To the top or into the dark? Relationships between elevational and canopy cover distribution shifts in mountain forests

Numerous studies have reported that observed species shifts in mountain areas lag behind expectations under current warming trends, however, the mechanisms remain poorly understood. One important mechanism might be microclimatic heterogeneity causing migration of species to cooler conditions under closed forest canopies, but evidence is scarce. We here compared the distributions of 710 species (11 taxonomic groups including fungi, plants, and animals) along an elevation gradient (287–1419 m a.s.l.) in a temperate low mountain range between 2006–2008 and 2016–2017 to address this open question. We characterized each species' distribution (peak and breadth) based on their abundance along two environmental gradients: elevation and canopy cover. We then analysed changes in species' distribution peaks, asking whether shifts in canopy distribution and initial distribution characteristics explain variation in elevational distribution shifts. Across all taxa, the mean shift in elevational distribution peak was + 35.3 m (i.e. upslope). Species' baseline distribution peaks were strong predictors of elevational distribution shifts with stronger upslope shifts in low‐elevation and open‐forest species.
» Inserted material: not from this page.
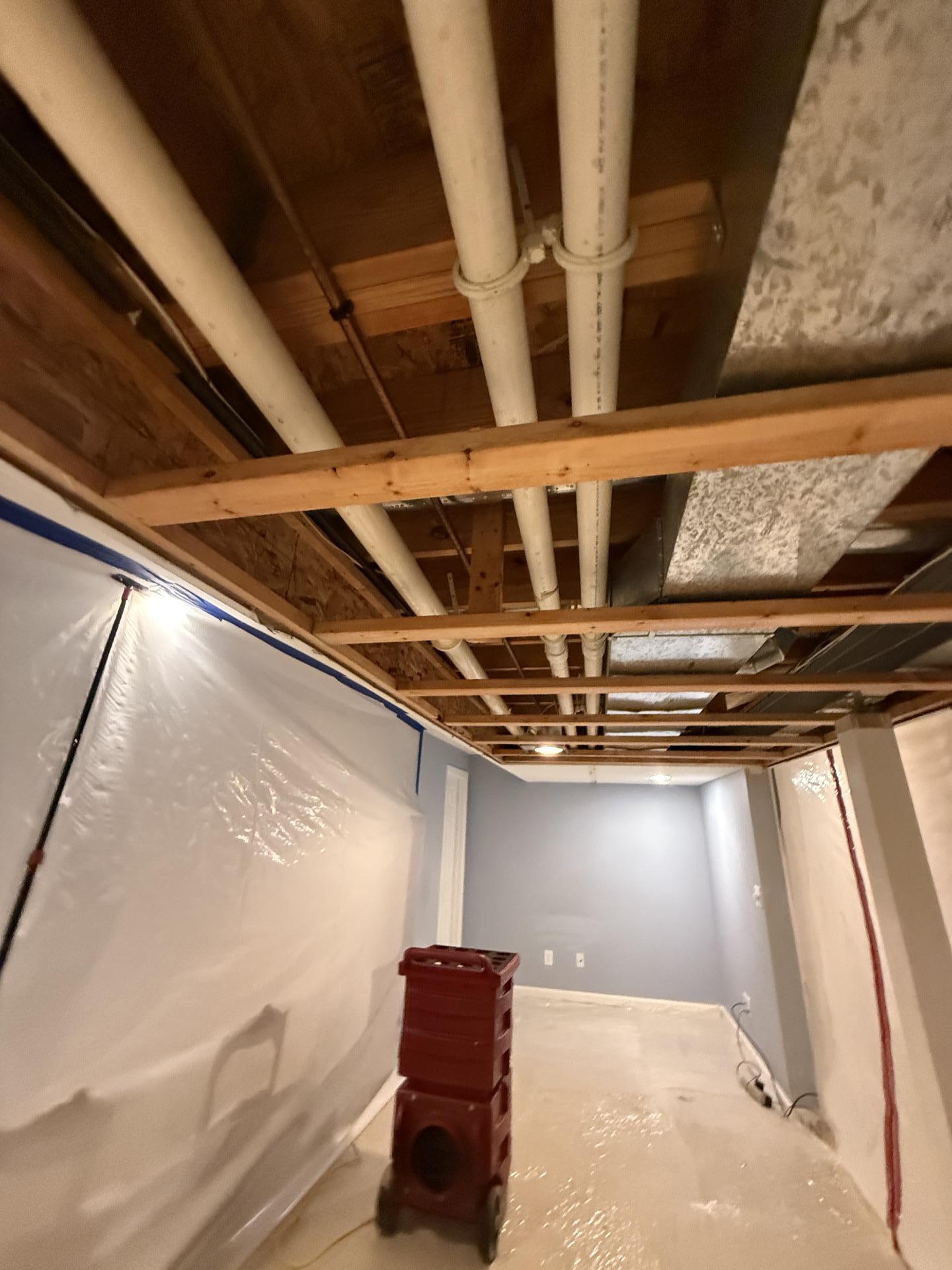 Teasdale Fenton provided comprehensive mold mitigation, anti-microbial treatment, and detailed cleaning services. This included structural remediation in a basement with exposed ceiling joists, the use of drying equipment (dehumidifiers/air movers), and meticulous cleaning of surfaces like doors and walls to eliminate mold and apply anti-microbial agents.

Even though we observed considerable variation in the responses among species, canopy distribution shifts had a significant negative effect on elevational distribution shifts overall and in six taxonomic groups. We suggest that this is related to cooler microclimatic conditions under closed compared to open forest canopies. Shifts to closed‐canopy forests may thus partly compensate for elevational distribution shifts, highlighting the conservation value of heterogeneous landscapes featuring microclimatic refugia. Yet, it is likely that other mechanisms, such as habitat limitation, are also at play. Future studies need to quantify the potential of microclimatic refugia under accelerating forest dynamics, considering the interplay of canopy cover and other factors driving microclimate, and to illuminate the complex climate change response mechanisms among species and taxonomic groups.